Chase shook his head. “I can’t believe the CIA partnered with a drug cartel.”

It was more than that. The CIA was laundering money and using its power to protect the Sinaloa Cartel. The money the operation generated funded black ops and made the leadership rich. If we didn’t stop it, they’d try to kill President Kettering again. Chase looked at me. “Spider, what exactly have you gained access to within Banco Mexico?”

“I’ve got access to the account records,” I replied. Jade had penetrated the Banco Mexico system yesterday, so I laid it out. The CIA had a numbered account.Laundered funds would enter the account each month. The CIA would keep their cut then forward the rest to Cartel accounts. Three men have account access; one is dead, and another is a ghost. The third was the CIA’s station chief in Mexico City, Henry Consuellar.

We talked for twenty minutes about our next move. If we gave it to the authorities? We had no confidence the CIA leaders involved would be arrested and convicted. We’d obtained the incriminating information illegally and without a warrant. We considered sending warriors down, but that meant kidnapping and murder in a foreign country. In the end, I said I’d keep hacking. “If I can access the CIA account, I can do what I did with the Sons. The money will disappear, and no one will ever find it. That’s over fourteen million dollars in off-the-books cash gone in a keystroke. With more time?
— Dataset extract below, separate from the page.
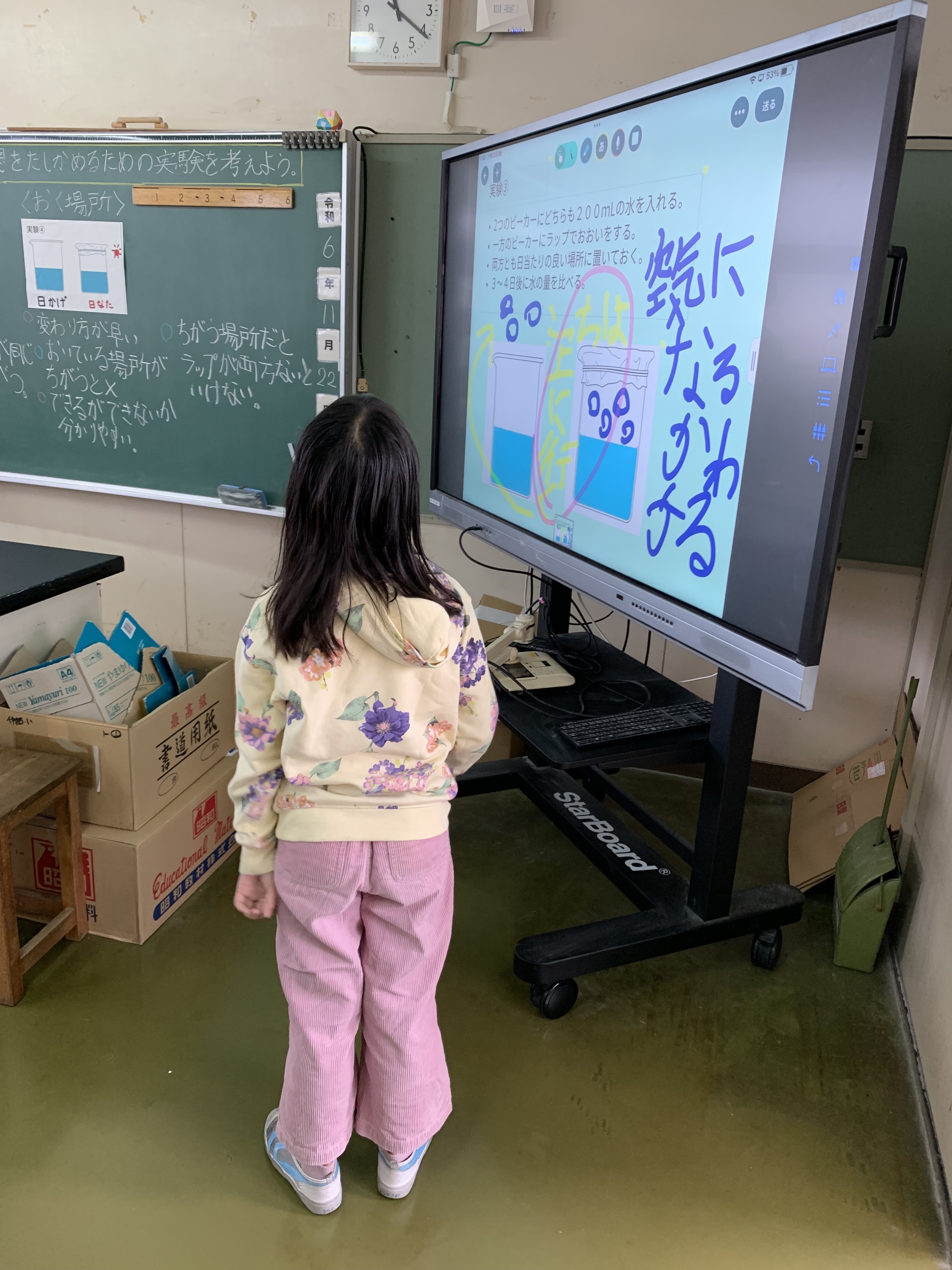 本校中堅研授業が4年理科で行われました。水は空気中に出ていくかを調べるための実験方法を、こどもたちは話し合いをしながら考えていました。

I could bust into the Cartel accounts as well. They have billions in assets.”

Vic didn’t like that a bit. “The Cartels would kill us all if they found out.” He wasn’t wrong, but I wasn’t planning to stop because of the risk.

Frank was on Vic’s side. “The Cartel would stop at nothing to get the person who took their money. Eventually, they would find you, and they would destroy us. Even if we limit ourselves to the CIA money? It’s international bank fraud in an allied country. I can’t defend that. I don’t have a get-out-of-jail-free card for you, Spider.”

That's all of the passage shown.